- Exercise directions -
The reply must consist of the lines from the first line of the records through the line containing "The Prince and", copied exactly, with every picture omitted.

- Dataset excerpts -
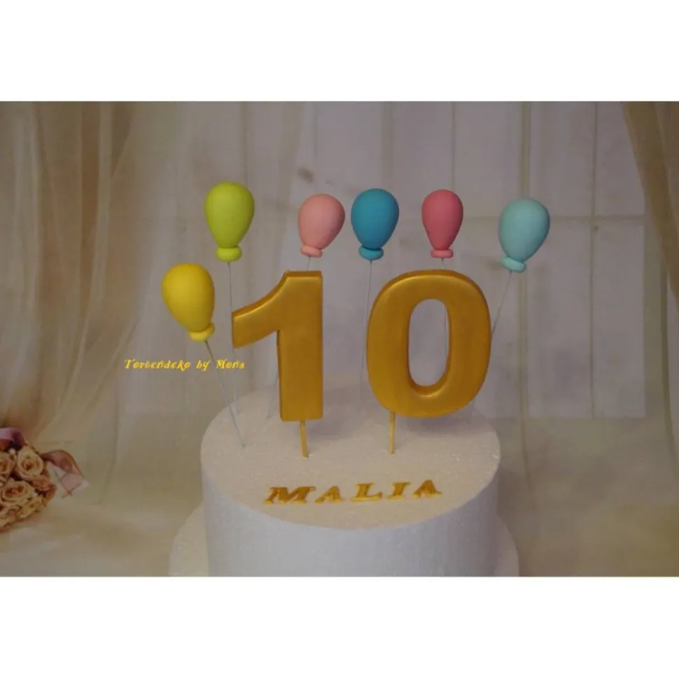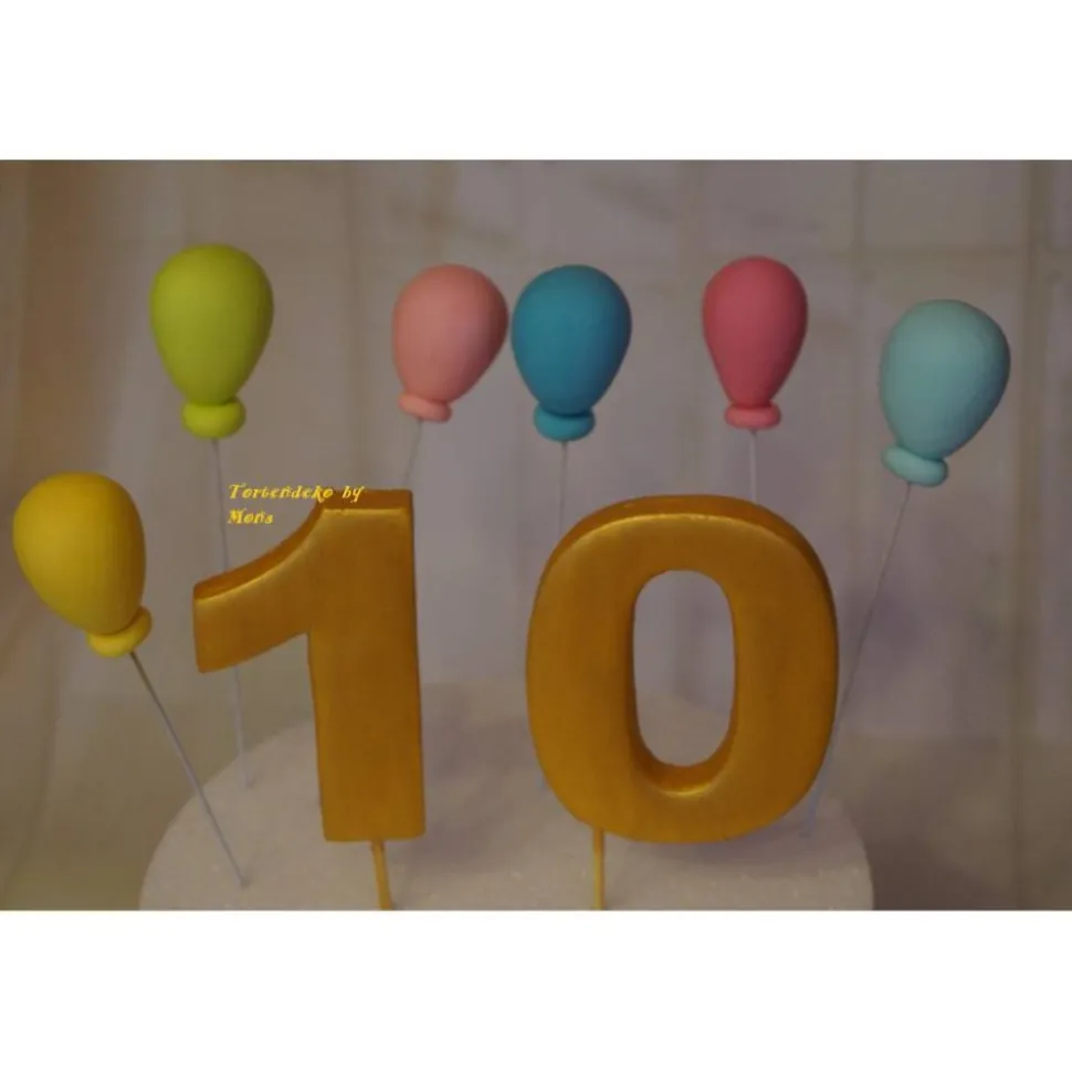 Eine Geburtstagzahl in golg mit 6 Luftballons und Namen . Farben können gerne geändert werden.
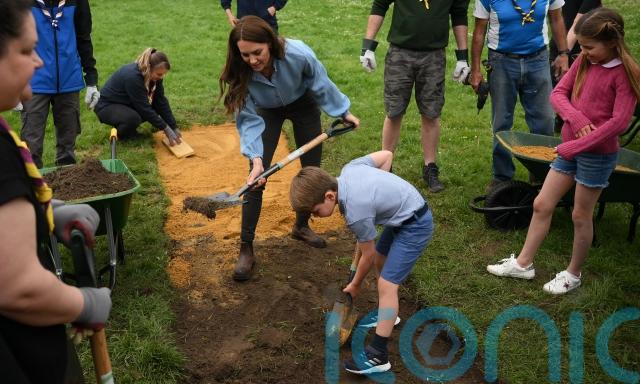 The Prince and Princess of Wales and their children Prince George, Princess Charlotte and Prince Louis lent a hand renovating a Scout hut and its grounds in Slough.
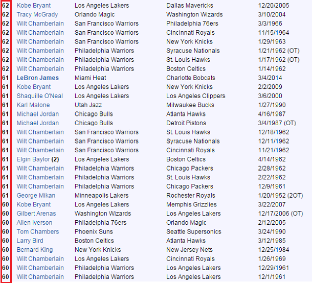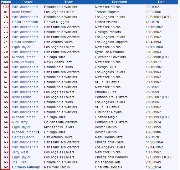 Το ρεκόρ το κατέχει -και δύσκολα θα το σπάσει κάποιος- ο Γουίλτ Τσέιμπερλεϊν που είχε φορτώσει με 100 πόντους το καλάθι των Νικς, ενώ κανείς δεν μπορεί να ξεχάσει την παράσταση του Κόμπι Μπράιαντ (81π.) κόντρα στους Τορόντο Ράπτορς το 2006.
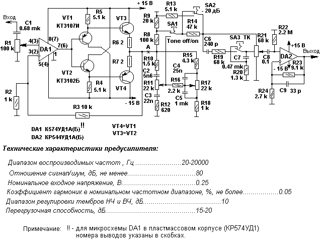 В усилителе применены сдвоенные переменные резисторы R11 и R17 любого типа группы Б, R1 и R21 любого типа группы В или А. В качестве тонокомпенсированного регулятора громкости (R21) можно примененить переменный резистор 100 кОм (с отводом от середины). Транзисторы можно заменить на КТ3107И, КТ313Б, КТ361В,К (VT1, VT4) и КТ312В, КТ315В (остальные). Замена ОУ К574УД1 на ОУ других типов не рекомендуется. При значительном уровне постоянной составляющей (в редких случаях) в точке А необходимо установить конденсатор емкостью 2.2 - 5 мкф. Описываемый ПУ подключается к усилителю мощности ЗЧ с входным сопротивлением не менее 10 кОм. Со значительным увеличением Кг, данный ПУ можно нагрузить и на УМЗЧ с Rвх до 2 кОм (что крайне нежелательно), в таких случаях (если Rвх вашего УМЗЧ менее 10 кОм) нужно просто еще раз умощнить выходной каскад ( копию участка схемы VT1-VT2-VT3-VT4-R4-R5-R6-R7, подключить на выход DA2), резисторы R23 и R24 подключить аналогично резисторам R2 и R3, хотя в этом случае возможно повысится уровень шумов. А если Rвх вашего УМЗЧ больше или равно 100 кОм, то в качестве операционного усилителя DA2 рекомендуется применить К574УД1А(Б), это снизит уровень искажений и шумов. Возможные изменения в схеме
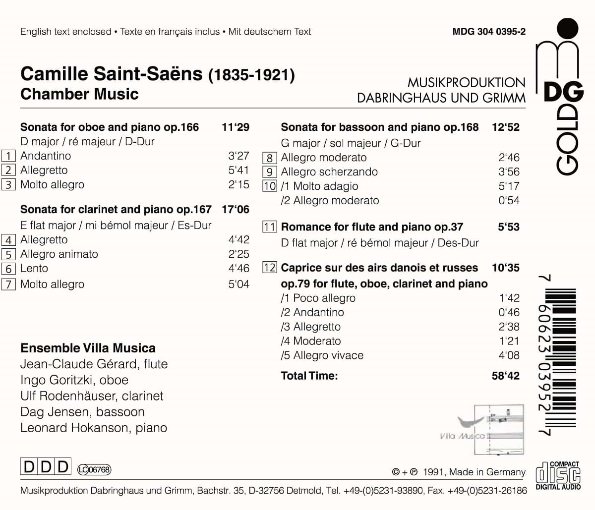 Caprice op. 79 für Flöte, Oboe, Klarinette und Klavier.
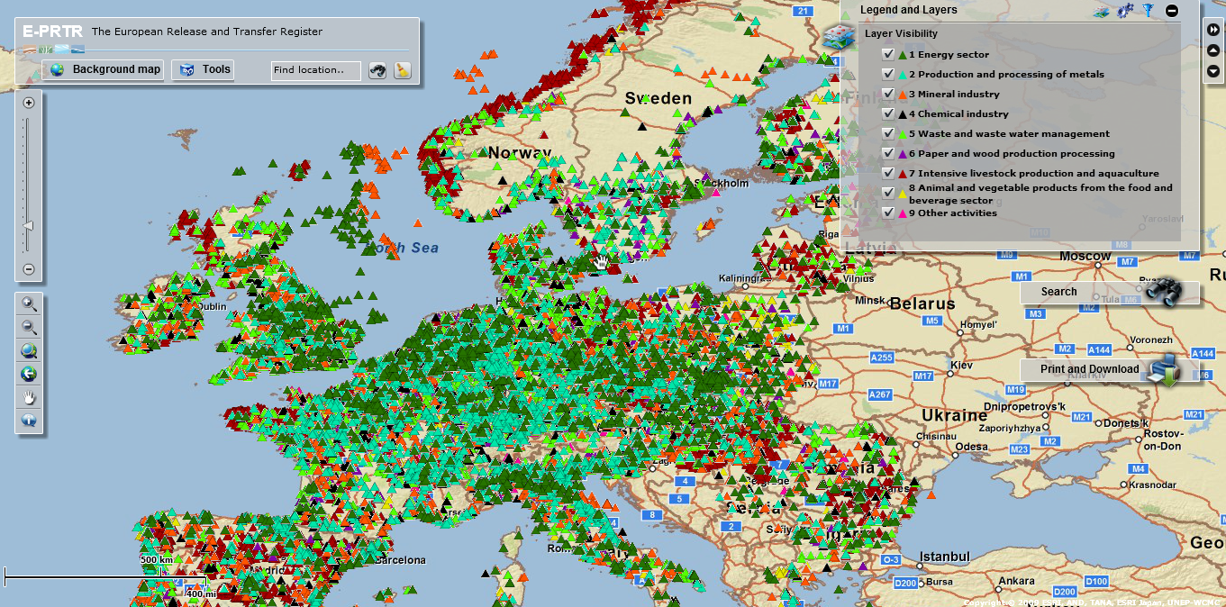 Online maps published by the European Pollutant Release and Transfer Register (E-PRTR), allow users to pinpoint the key environmental data and the main sources of air pollution from industrial facilities across Europe. The European Pollutant Release and Transfer Register (E-PRTR) is the a Europe-wide register that provides easily accessible key environmental data from industrial facilities in European Union Member States and in Iceland, Liechtenstein, Norway, Serbia and Switzerland. It replaces and improves upon the previous European Pollutant Emission Register (EPER). The register contains data reported annually by some 28,000 industrial facilities covering 65 economic activities across Europe. The interactive map shows where certain pollutants are released from individual industrial plants. . The Europe-wide register aims to help Europeans actively engage in decisions affecting the environment. The map search option provides a geographical approach to the E-PRTR data. The map can even be viewed here in maximized version.

- Result for this task -
 Eine Geburtstagzahl in golg mit 6 Luftballons und Namen . Farben können gerne geändert werden.
 The Prince and Princess of Wales and their children Prince George, Princess Charlotte and Prince Louis lent a hand renovating a Scout hut and its grounds in Slough.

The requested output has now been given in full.